De nieuwe Sociaal Economische Raad (SER) is een platform met een brede maatschappelijke vertegenwoordiging. Dit adviserend orgaan is op maandag 14 september door president Chandrikapersad Santokhi geïnstalleerd. Om de juiste invulling te geven aan good governance en kernwaarden van eenheid zal volgens het staatshoofd continu dialoog met sociale partners en functionele groepen zijn vereist. De SER vormt daarmee een belangrijk platform.
Tegen deze achtergrond heeft de regering ervoor gekozen om naast de traditionele organisaties, te weten Ravaksur, VSB en ASFA, de maatschappelijke vertegenwoordiging binnen de SER te vergroten ook de Associatie voor Klein en Middelgrote Ondernemerschap (AKMOS) zich te laten vertegenwoordigen. De regering heeft daarbij een van de aan haar toegewezen posities binnen het orgaan ingevuld met de vertegenwoordiger van de AKMOS. Aan de Kamer van Koophandel en Fabrieken (KKF) is ook gevraagd zich te laten vertegenwoordigen, wat echter nog niet zover is.
De invulling van de SER is geschied op basis van voordrachten die ontvangen zijn vanuit de organisaties van werknemers, ondernemers én de regering. Eerder op de dag heeft president Santokhi de leden van de nieuwe Staatsraad, net als de SER ook een adviserend orgaan, geïnstalleerd. Volgens het staatshoofd heeft de regering daarmee institutioneel en constitutioneel bekeken twee belangrijke instrumenten in place gebracht om te functioneren als adviesorganen. Beide hebben ze hun eigen verantwoordelijkheid en taakstelling. Belangrijk is ook dat beide lichamen komen aan de vooravond dat de regering voornemens is haar crisisbeheersingsplan te presenteren aan het parlement.
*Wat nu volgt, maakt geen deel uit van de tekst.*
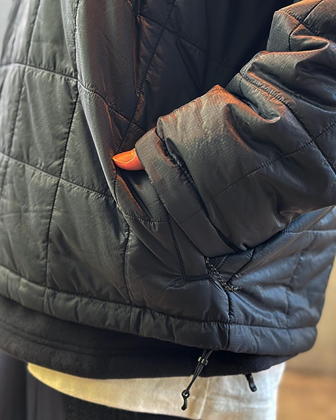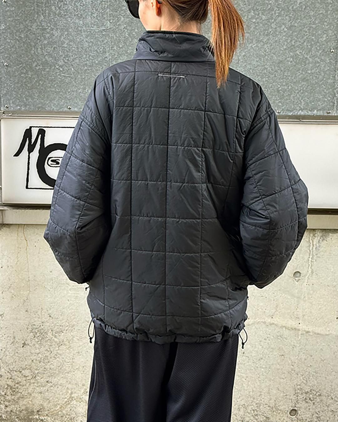 ひとつのアイテムにふたつの表情を持たせたリバーシブルインシュレイテッドジャケット。片面はMM6とSalomonのダブルアートワークをあしらったキルティング仕上げ、もう一方は軽やかでクリーンな質感に、さりげないポケットディテールを添えています。ファネルネック、伸縮性のある裾、ジップクロージャーを備え、あらゆるシーンに対応できるアダプタビリティを追求。バックにはメゾンのシグネチャーであるホワイトステッチを配し、揺るぎない信念をデザイン。

De SER heeft volgens de wet tot taak de regering te adviseren omtrent: A. Een goede afstemming van en bij het economisch beleid betrokken belangen van overheid en maatschappelijke groepen gericht op economische stabiliteit en sociale rust. B. Een goede maatschappelijke werkzaamheid en een duurzame ontwikkeling van het sociaaleconomisch leven en vandaaruit betrokken maatschappelijke groepen gericht op de sociale rechtvaardigheid en economische groei. “Deze taakstelling kan niet beter passen binnen de visie van de regering. In de eerste plaats: de visie van eenheid. In de tweede plaats: de realisatie van deze visie door middel van dialoog en het bevorderen van onderlinge verbondenheid,” aldus president Santokhi.
Hij noemde economische stabiliteit, sociale rust, maatschappelijke werkzaamheid, duurzame ontwikkeling, sociale rechtvaardigheid en economische groei als kernwoorden die ons allen verbinden en samenbrengen. De coalitie heeft deze kernwoorden als fundamenteel aangenomen binnen het regeringsbeleid en het gestelde ontwikkelingsdoel. SER wordt daarmee een platform en instrument voor de regering om binnen haar beleid de verschillende inzichten en perspectieven van de werknemers, ondernemers, wetenschappers en deskundigen mee te nemen in het regeringsbeleid en de realisatie van ontwikkelingsdoelen.
De regering wordt binnen de SER vertegenwoordigd door: Ritesh Ganpat, Wandana Pherai, Stephan Smith, Sila Kisoensingh, Raymond Landburg. Ravaksur: Armand Zunder, Jan Haakmat en Robby Berenstein. VSB: Marlon Telting, Shirley Relyveld, Djaienti Hindori. ASFA: Rudy Soeklal. Plaatsvervangende leden: Regering: Letitia Fernand, Robert Soentik, Harry Soeklal, Henry Ori, Ruben Ravenberg. Ravaksur: Imro Wip, Imrick Edam, Robby Naarendorp. VSB: Marjorie Reinardus, Jean-Luc van Charante, Marny Daal. ASFA: Diana Ensberg.